Las lágrimas empezaron a agolparse en sus ojos.
—¿De verdad?
—Oh, por Dios. ¿Lo preguntas en serio? Si tuviera que elegir entre volver a casa para estar con vosotras y correr por el oro mañana, sabes que estaría ahora mismo en un avión. Lo sabes, ¿verdad?
Kate se sorbió la nariz y se secó los ojos.
—No te estoy pidiendo que elijas, tonto. Te estoy pidiendo que ganes.
Pudo adivinar su sonrisa al otro lado de la línea.
—Si gano, será solo por el pánico que siento al pensar en lo que me harías si pierdo.
—Vuelve conmigo a casa en cuanto ganes el oro, ¿vale? Prométeme que no te quedarás por allí con ella.

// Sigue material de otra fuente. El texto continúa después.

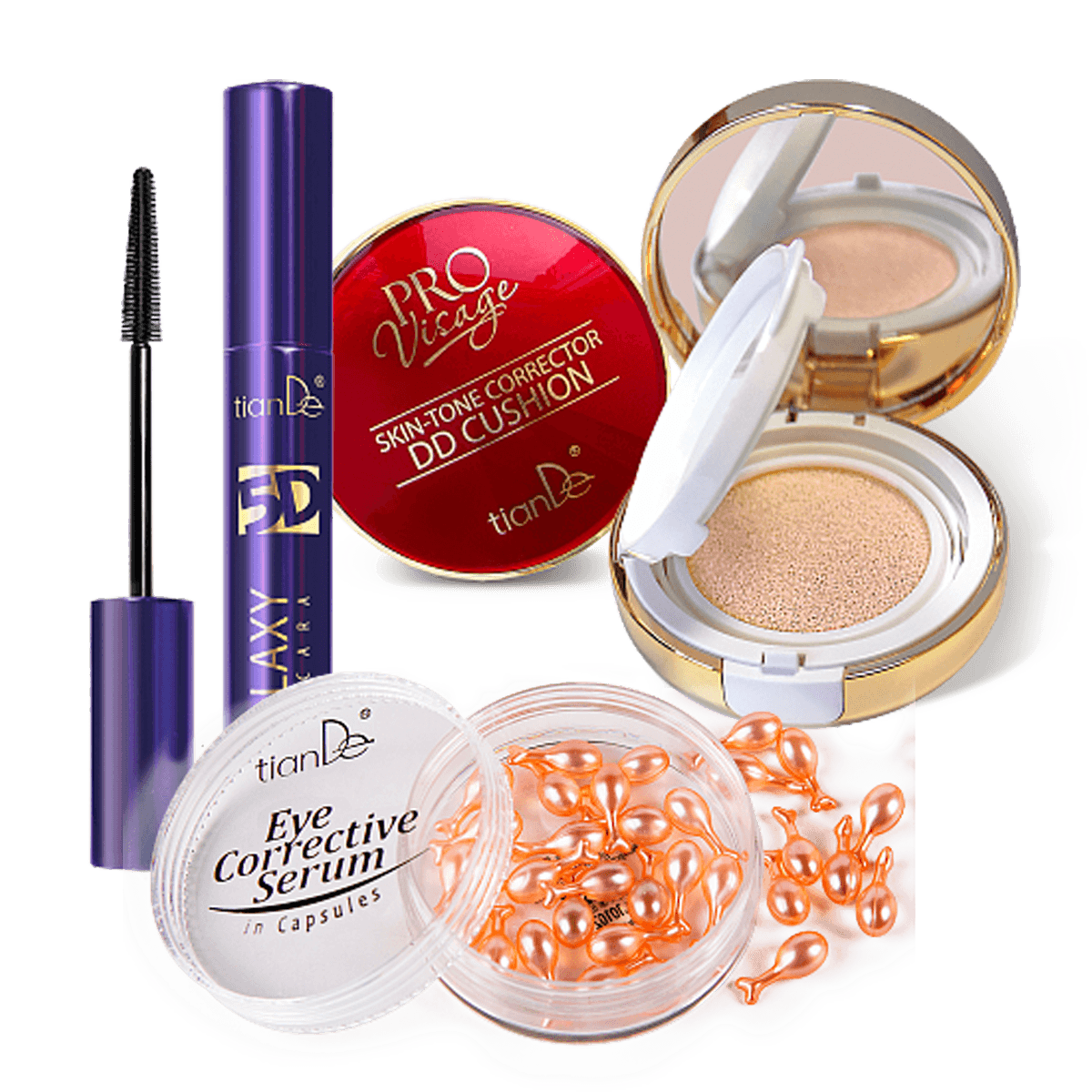 Тебе важно, чтобы в твоей косметичке была топовая качественная косметика, а эффект от ее применения приковывал взгляды? Выбирай косметику TianDe! Идеально ровная и ухоженная кожа лица, роскошный взгляд – все это легко с бьюти-средствами от компании красоты и здоровья! Для будущих комплиментов подарок прямо сейчас – дарим кушон для идеального тона! Условия Купи 2 средства: тушь для ресниц Galaxy Volume 5D + восстанавливающую сыворотку для кожи вокруг глаз в капсулах – В ПОДАРОК DD тональное корректирующее средство – кушон для светлой кожи! 1 + 1 = 3

—Oh, por Dios… Sabes que eso no tienes ni que pedírmelo.
—Lo sé —respondió con calma—. Lo siento.
A través de la conexión telefónica, el vocerío del público volvió a aumentar.
—Va a comenzar la segunda carrera —gritó Jack entre el estruendo—. Te llamo luego, ¿de acuerdo?
—¿Crees que ganará?
—Sí, seguro. La primera manga ha parecido un paseo de domingo…
—¿Jack?
—¿Sí?
—Te quiero más que a un helado después de entrenar.
—Yo también te quiero —contestó él—. Más que ganar.
Kate sonrió. Era un momento perfecto, pero a continuación se dio cuenta de que lo había estropeado al decir:
—Llámame en cuanto termine la carrera, ¿vale?
Se avergonzó de mostrarse tan necesitada; de ser tan exigente con él. Se supone que el amor no necesita de una reafirmación constante. Pero, bien pensado, también se supone que el amor no es sentarse a contemplar el propio reflejo en una televisión apagada mientras la tentación se dirigía a una resplandeciente carrera hacia la gloria.